Try it »
Print exactly and only the lines that run from the one containing "部隊裏因而人心惶惶,相互耳語: 「看來一定是采薇翁幹的!」「是 的,肯定是他沒錯!」" through the end of the material, please, omitting pictures.
--------------------------------------------------
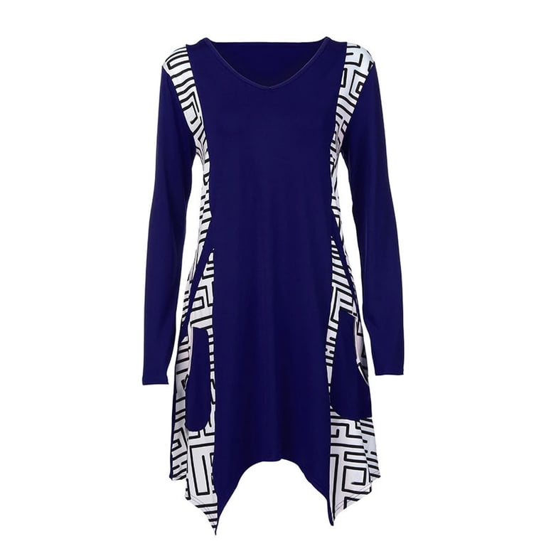 Ženske lepršave haljine s asimetričnim krojem. Haljine imaju dugi rukav i V-izrez. Geometrijski uzorak sa strane i dva bočna džepa. Dostupne u nekoliko boja i plus size veličinama.
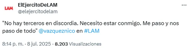 Nico Vázquez se confesó en LAM tras su ruptura con Gime Accardi
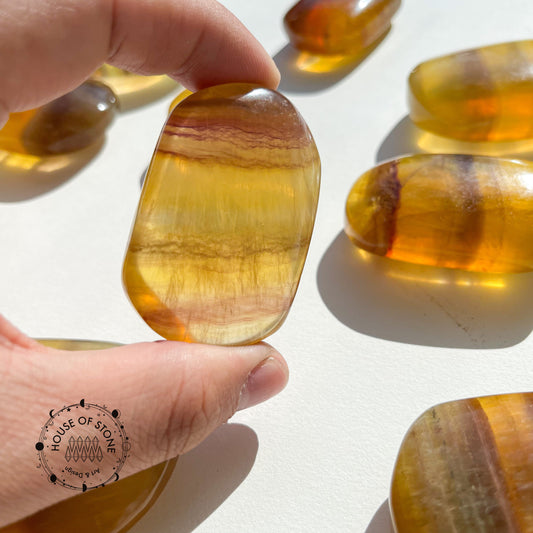 Yellow Fluorite Palm Stone/Yellow Rainbow Fluorite Big Pocket Stone/Natural Yellow Fluorite Crystal Palm Worry Stone
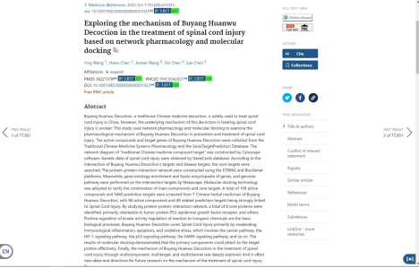 基础医学院王莹老师撰写发表论文《Exploring the mechanism of Buyang Huanwu Decoction in the treatment of spinal cord injury based on network pharmacology and molecular docking》,发表于SCI外文期刊Medicine (Baltimore),JCR3区 中科院4区。
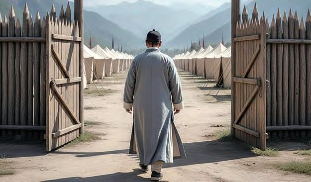 部隊裏因而人心惶惶,相互耳語: 「看來一定是采薇翁幹的!」「是 的,肯定是他沒錯!」 事實上,新令禁止掠奪財物與 婦女,許多不守紀律的士兵對采薇 翁早已心生怨懟。
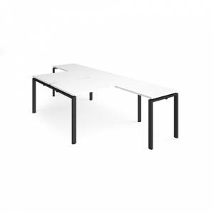 Adapt II back to back desks 1600mm x 1600mm - black frame, white top with oak edging
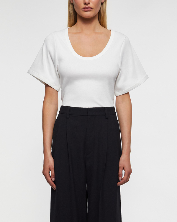 Byxor Cymbaria från By Malene Birger. Trendiga kostymbyxor med vida ben. Byxorna har en hög midja och dekorativa pressveck. Hällor i linningen och diskreta fickor i sidorna. Dekorativ ficka baktill. Matcha Cymbaria byxorna med Porter kavajen för en tidlös och elegant look.
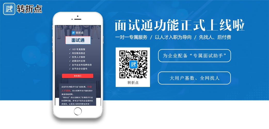 “转折点”专注于生物医药求职招聘,致力于生物医药行业人才的发展,专注于线上解决生物医药企业发展过程中遇到的招聘问题。
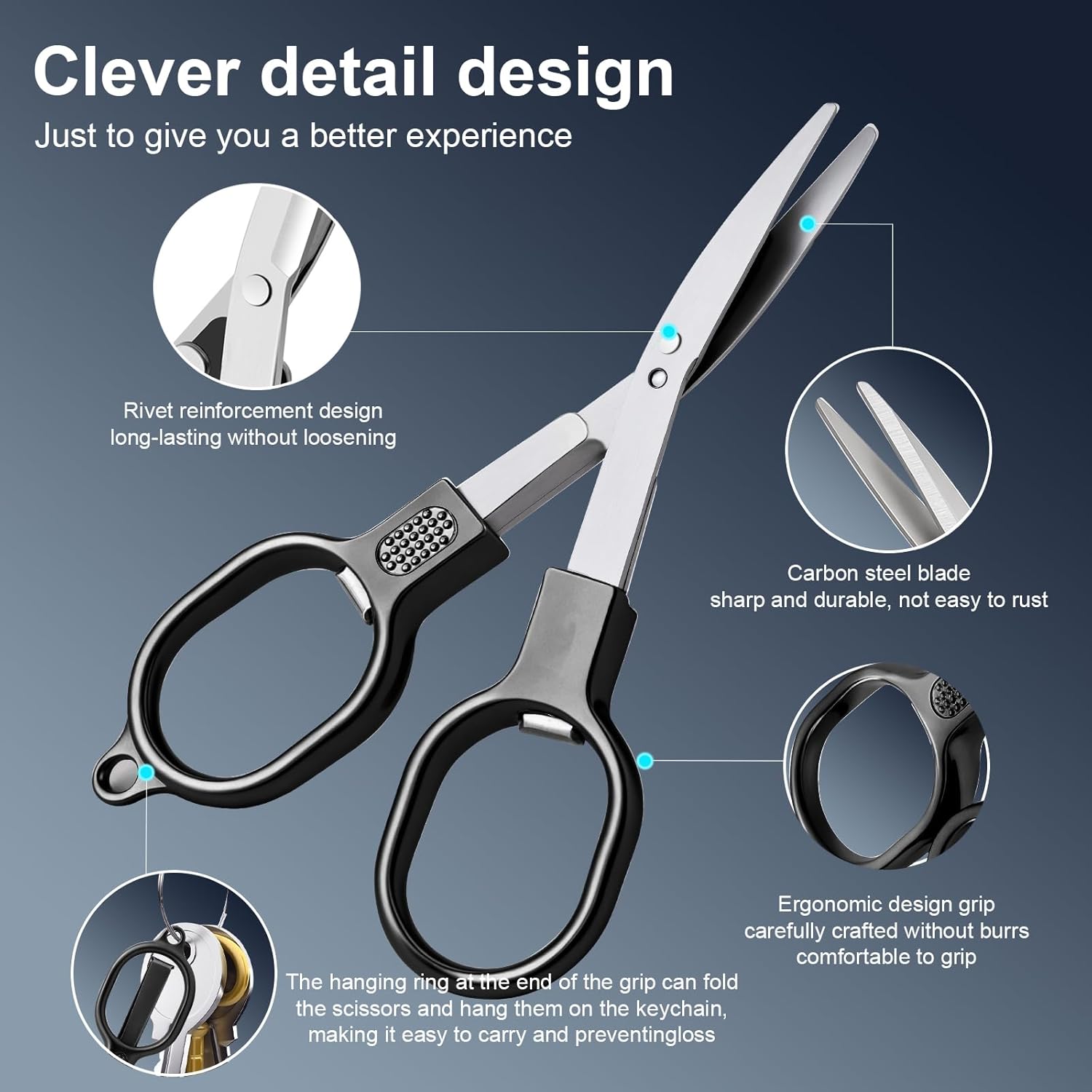PORTABLE: Small sharp scissors are lightweight and foldable, easy to carry for travel or daily use, comes with a key ring that can be hung on a backpack or key chain, very convenient
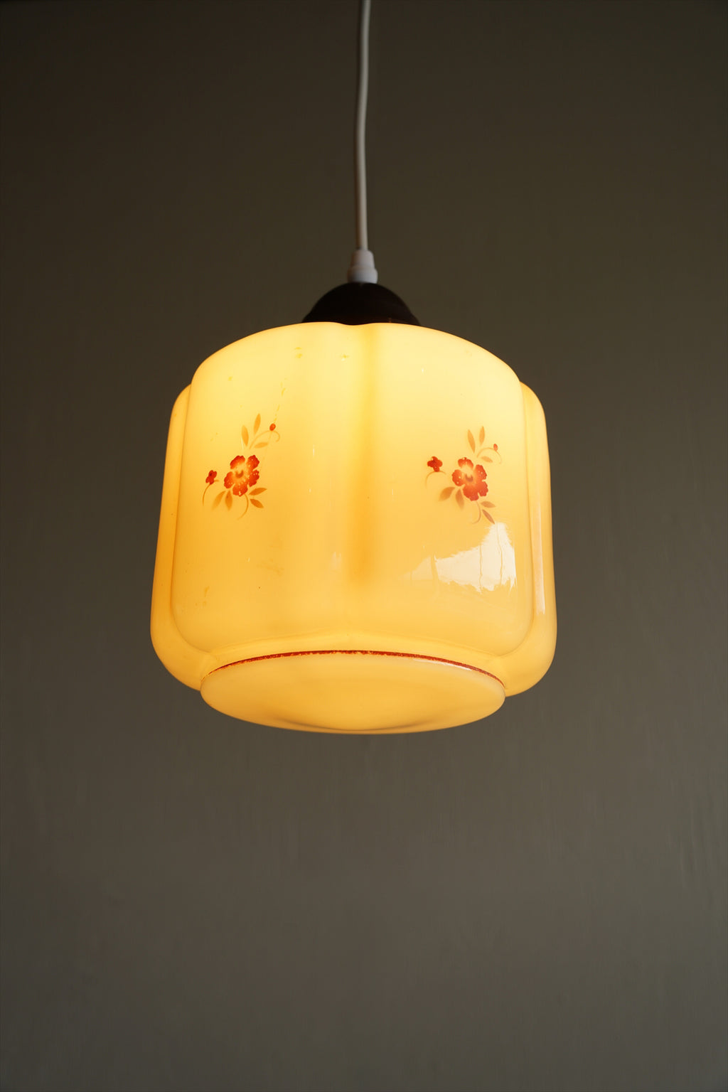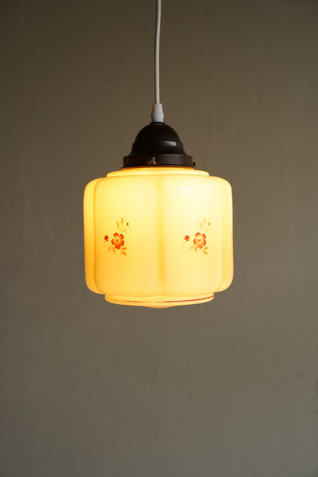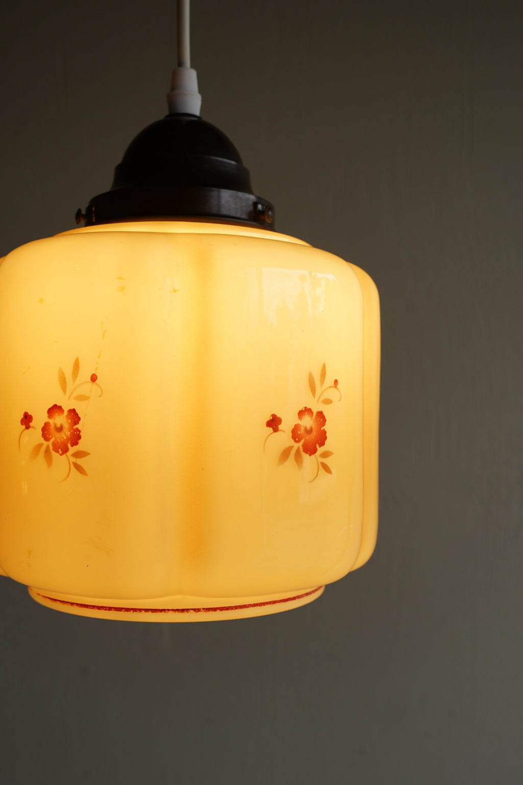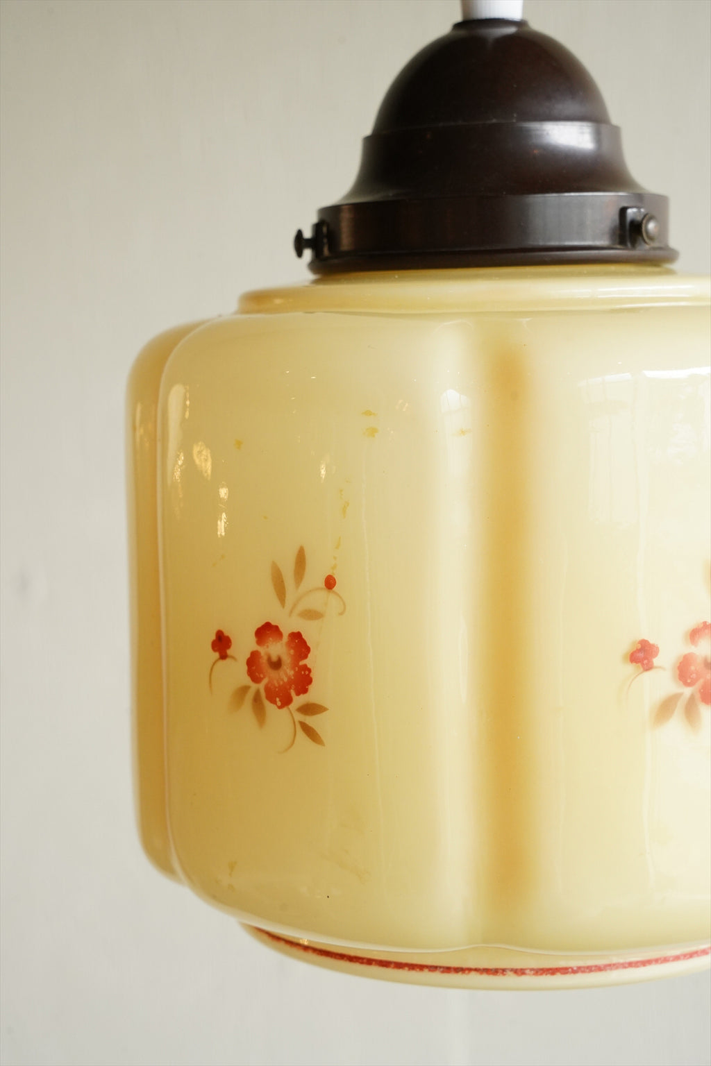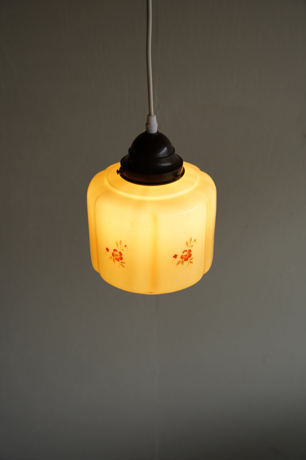 アイボリーがかったミルクガラスに、小花柄が愛らしく、温かみのある表情を見せてくれます。
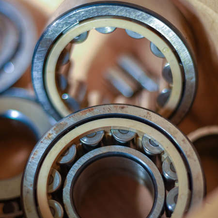 Close up scene the cylindrical rolling bearing parts. The heavy mechanical part manufacturing concept.
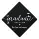 Black Modern Chic Elegant Script Hearts Name Class Graduation Cap Topper
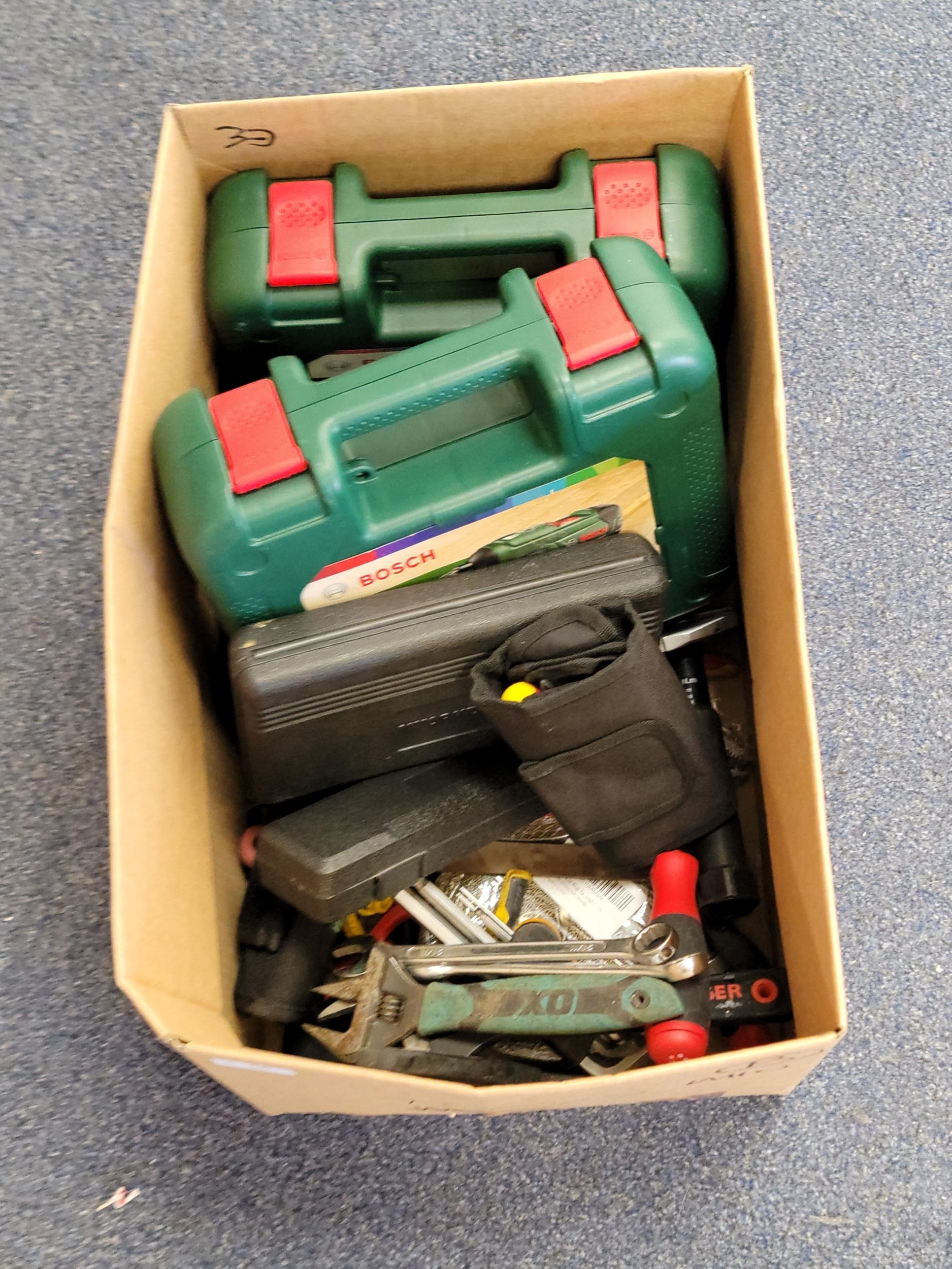 ONE BOX OF TOOLSincluding: Power and hand tools, a Bosch cordless screwdriver, a Bosch cordless combi drill
--------------------------------------------------
Your solution »
 部隊裏因而人心惶惶,相互耳語: 「看來一定是采薇翁幹的!」「是 的,肯定是他沒錯!」 事實上,新令禁止掠奪財物與 婦女,許多不守紀律的士兵對采薇 翁早已心生怨懟。
 Adapt II back to back desks 1600mm x 1600mm - black frame, white top with oak edging
 Byxor Cymbaria från By Malene Birger. Trendiga kostymbyxor med vida ben. Byxorna har en hög midja och dekorativa pressveck. Hällor i linningen och diskreta fickor i sidorna. Dekorativ ficka baktill. Matcha Cymbaria byxorna med Porter kavajen för en tidlös och elegant look.
 “转折点”专注于生物医药求职招聘,致力于生物医药行业人才的发展,专注于线上解决生物医药企业发展过程中遇到的招聘问题。
PORTABLE: Small sharp scissors are lightweight and foldable, easy to carry for travel or daily use, comes with a key ring that can be hung on a backpack or key chain, very convenient
 アイボリーがかったミルクガラスに、小花柄が愛らしく、温かみのある表情を見せてくれます。
 Close up scene the cylindrical rolling bearing parts. The heavy mechanical part manufacturing concept.
 Black Modern Chic Elegant Script Hearts Name Class Graduation Cap Topper
 ONE BOX OF TOOLSincluding: Power and hand tools, a Bosch cordless screwdriver, a Bosch cordless combi drill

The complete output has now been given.